概要
Borderlandsは、Gearbox Softwareが開発し2K Gamesから2009年10月に発売された、FPS RPGです。本作の舞台となるのは、巨大企業によって資源を搾取され、バンディットや野生生物、そして対立する勢力が蔓延る辺境の惑星Pandora。伝説のエイリアンテクノロジーが眠る「Vault」を追い求める4人の傭兵「Vault Hunters」となり、過酷な環境を探索するミッション主導型のオープンワールド・アクションが展開されます。次々と手に入る武器ドロップと、激しさを増す敵との遭遇がプレイヤーを熱狂させます。
本作最大の特徴は、プロシージャル生成される武器システムです。Borderlandsでは、ステータス、属性エフェクト、メーカー、連射速度などがランダムに組み合わされた銃器が生成され、その組み合わせは数百万通りにも及びます。装甲を溶かす腐食属性のSMGと、爆発弾を放つ高精度のスナイパーライフルでは使い勝手が全く異なり、プレイヤーは常に新しい武器を試したくなるはずです。この「撃って、拾って、強化する」という中毒性の高いループこそが、Borderlandsの真髄と言えるでしょう。
ゲームプレイとメカニクス
プレイアブルキャラクターは4人存在し、それぞれが独自の戦闘スタイルを持っています。

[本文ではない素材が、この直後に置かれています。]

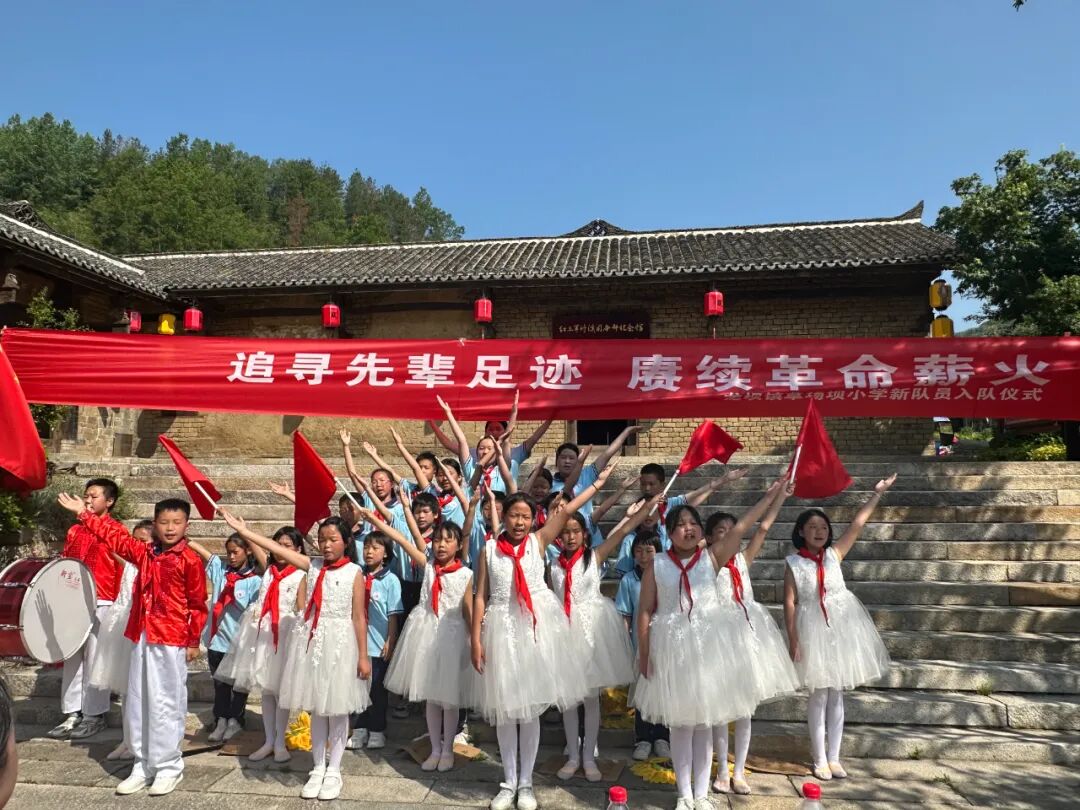 5月24日上午,龙坝镇草场坝小学在红三军纪念馆前举行少先队员入队仪式。龙坝镇中心学校负责人为“优秀少先队员”颁发荣誉勋章,给同学们讲述红三军故事。(陈学娟)

- Brick the Berserker:近接攻撃に特化したブロウラー
- Mordecai the Hunter:スナイパーであり、鳥を相棒とするハンター
- Lilith the Siren:フェーズウォークによる機動力が持ち味
- Roland the Soldier:タレットを展開し、チームをサポートするソルジャー
キャラクターの熟練度は、使用することで自然と成長します。例えばRolandでショットガンを使い続ければショットガンの扱いが上達していくため、固定されたビルドを強要されることなく、自分のプレイスタイルに合わせてキャラクターを育成できます。また、スキルツリーシステムも用意されており、特定の武器やチーム内での役割を強化するビルドを構築することも可能です。

世界観と設定
Pandoraは、砂塵と絶望が支配するSFウェスタンのような世界で、地平線には企業の残骸が散らばっています。開発終盤に変更されたセルシェーディングのアートスタイルにより、当時のフォトリアルなシューターよりも色褪せない、非常に個性的なビジュアルを実現しました。敵は野生のSkagから、Atlas Corporationが送り込む重装甲のCrimson Lance兵まで多岐にわたり、企業の強欲と社会崩壊の狭間で揺れる惑星の姿が緻密に描かれています。

ストーリーはあえてシンプルに設計されています。謎のAI「Guardian Angel」からの導きに従い、Vault Huntersはアーティファクトの欠片を集め、Vaultの扉が開かれる時を待ちます。物語はゲームプレイのループを補完する役割に徹しており、その控えめな演出が本作のトーンに完璧にマッチしています。
協力プレイシューターとしての完成度
Borderlandsの真骨頂は、最大4人での協力プレイにあります。敵の難易度はセッション内のプレイヤー数に応じてスケールするため、ソロでもフルパーティでも常に最適な緊張感で楽しめます。各キャラクターのアビリティは互いを補完し合うように設計されており、ルート(戦利品)システムも、4人で協力しつつも最高の報酬を競い合うという絶妙なバランスを実現しています。PS4などで展開されている「Game of the Year Edition」には、ゾンビが蔓延るホラーパロディから剣闘士の闘技場まで、本編とは全く異なる体験ができる4つのストーリーDLCが同梱されています。

コンテンツとリプレイ性
Borderlandsには「Playthrough 2」と呼ばれる、いわゆる「New Game Plus」モードが搭載されており、敵や報酬がエンドゲームレベルにスケールアップし、より強力なボスが登場します。プロシージャル生成される武器のおかげで、二度と同じロードアウトになることはなく、4つのクラスを遊び尽くすには十分すぎる理由があります。DLCによる拡張コンテンツは、世界観を深掘りするだけでなく、シリーズの続編で中心的な役割を果たすキャラクターも登場させます。発売から20年近くが経過した今でも、そのコアとなるルートシューターのループはジャンル屈指の満足度を誇り、協力プレイの構造はどのプラットフォームでも色褪せることはありません。